St Mary Magdalene's Church is located in Church Street, Clitheroe, Lancashire, England. It is the Anglican parish church of the town, and is in the deanery of Whalley, the archdeaconry of Blackburn, and the diocese of Blackburn. The church, dedicated to Jesus' companion Mary Magdalene, is recorded in the National Heritage List for England as a designated Grade II* listed building.

==History==

The earliest record of a church on the site is in 1122, when it was granted to Pontefract Priory. The tower and east window of the present church date from the 15th century. The rest of the church was rebuilt by Thomas Rickman and Henry Hutchinson in 1828–29. In 1844 an additional stage and the spire were added to the tower. The church was restored in 1881 by the Lancaster architects Paley and Austin. In 1898 the timber roof and clerestory were added by Frederick Robinson. In 1913, the west gallery was removed. This had contained the original organ made by Samuel Renn in 1834, which was moved elsewhere, possibly to Chester. The new organ, made by J. J. Binns, was sited at the east end of the church. In 2008 a piece of the spire fell off and it was discovered that the spire was crumbling, and in 2010 an appeal was launched to raise money for its repair.

==Architecture==
===Exterior===
The church is constructed in coursed rubble gritstone with freestone dressings. It has a slate roof and clay ridge tiles. Its plan consists of a six-bay nave with a clerestory, north and south aisles, a southwest vestry, a chancel with a south chapel, a two-storey north vestry, and a west tower. The tower is in Perpendicular style, with four stages, angle buttresses, and a southeast stair turret. In the bottom stage of the tower is a west doorway, above which is a three-light window. In the second stage are narrow square-headed windows, and the third stage contains two-light windows. In the top stage is a round clock face in a square frame on each side. On the corners of the towers are octagonal turrets that rise above the parapet, which is embattled. The spire is supported by flying buttresses, and contains lucarnes. The clerestory contains two-light square-headed windows, it has an embattled parapet, and octagonal angle turrets at the east end. The aisles have plain parapets, and buttresses rising to gables. The west windows have two lights, the windows along the sides are tall and also have two lights, and all contain Decorated-style tracery.
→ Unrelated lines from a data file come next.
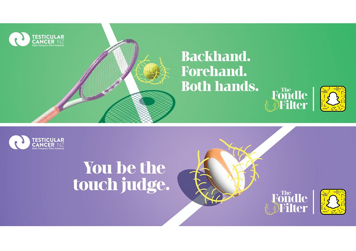 On billboards and posters, sports-ball imagery was used to have a laugh and create intrigue about what would be found on the Fondle Filter, while clearly acknowledging it was all about testicles.
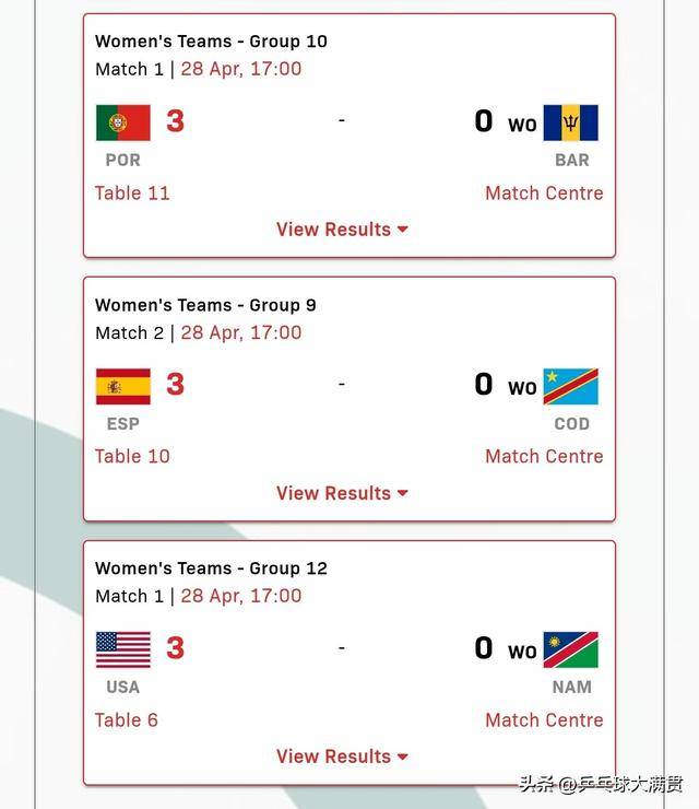 女团小组赛,葡萄牙与巴巴多斯的比赛,巴巴多斯同样是“WO”。
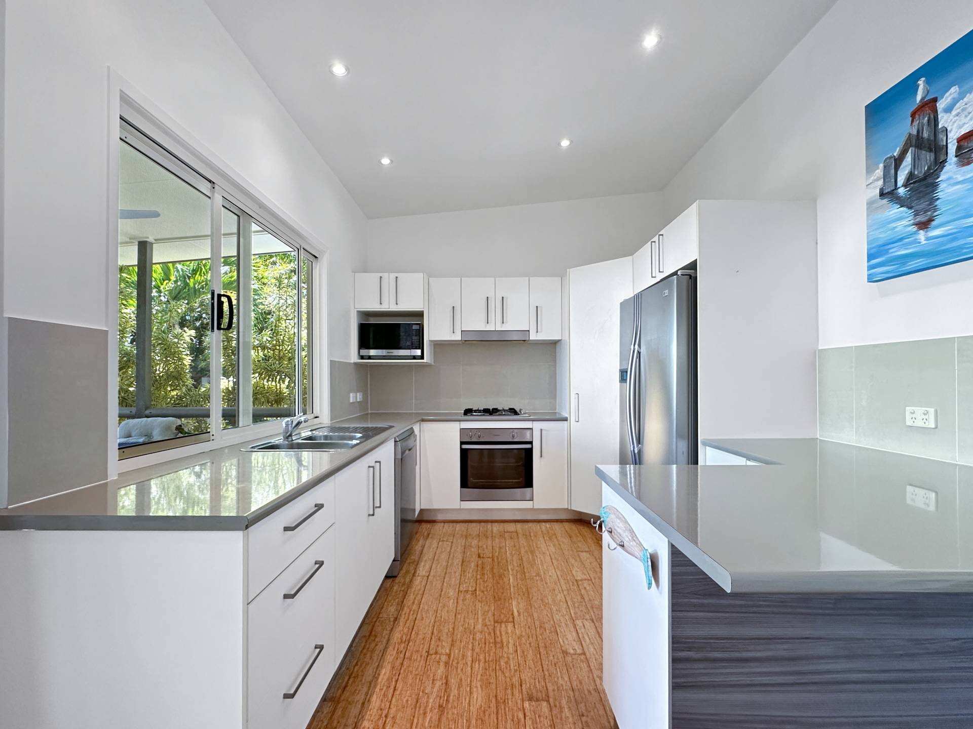 Step inside and enjoy the open-plan living with high ceilings, bamboo floors, and a seamless flow to the north-facing deck – the ideal spot to relax or entertain while overlooking lush tropical gardens and the inground magnesium pool. The modern kitchen features ample storage, stainless steel appliances, and connects effortlessly to the dining and living areas, with a servery window to the deck.
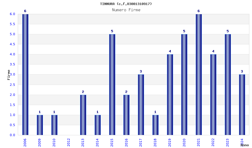 | Anno | Firme | Importi | Media | Naz. | Reg. | Prov. | Comu. |
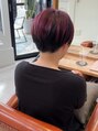 トップの丸みは残しつつ襟足をソフトに刈り上げたコンパクトショート★地毛の黒髪を活かして、表面のみブリーチし深みのあるボルドーのアンブレラカラーに♪髪の動きによってカラーデザインの束感が変化して、色抜けも楽しめる個性派お洒落ショートです◎

On the south side in the fifth bay is a doorway; the corresponding bay on the north side has a door leading into the vestry. The east wall of the chancel has angle buttresses and a five light window with Perpendicular tracery. In the south chapel is a blocked doorway and a two-light square-headed east window. The north vestry has a blocked north doorway, and a two-light east window with a triangular window above it.

===Interior===
Inside the church are north and south galleries carried on cast iron posts. The arcades between the nave and the aisles are supported by tall octagonal piers. In the chancel is an ogee-headed piscina dating from the 14th or 15th century. The octagonal font is plain, and is said to be from the 17th century; it stands on a 20th-century base. The polygonal pulpit was moved here in 1979 from St John's Church, Darwen. The monuments include damaged effigies dating from the 15th century in the south chapel. Also in the chapel is a brass plate to the memory of John Webster, an astrologist and local headmaster, who died in 1682. On the north chancel wall is a hatchment, and wall tablets to the Aspinall family with dates in the 18th and 19th centuries. The south chancel contains a wall tablet to Thomas Wilson, who died in 1813, by Richard Westmacott. In the north aisle is an alabaster memorial to those who died in the First World War. There is heraldic stained glass in the east window, with some fragments of medieval glass.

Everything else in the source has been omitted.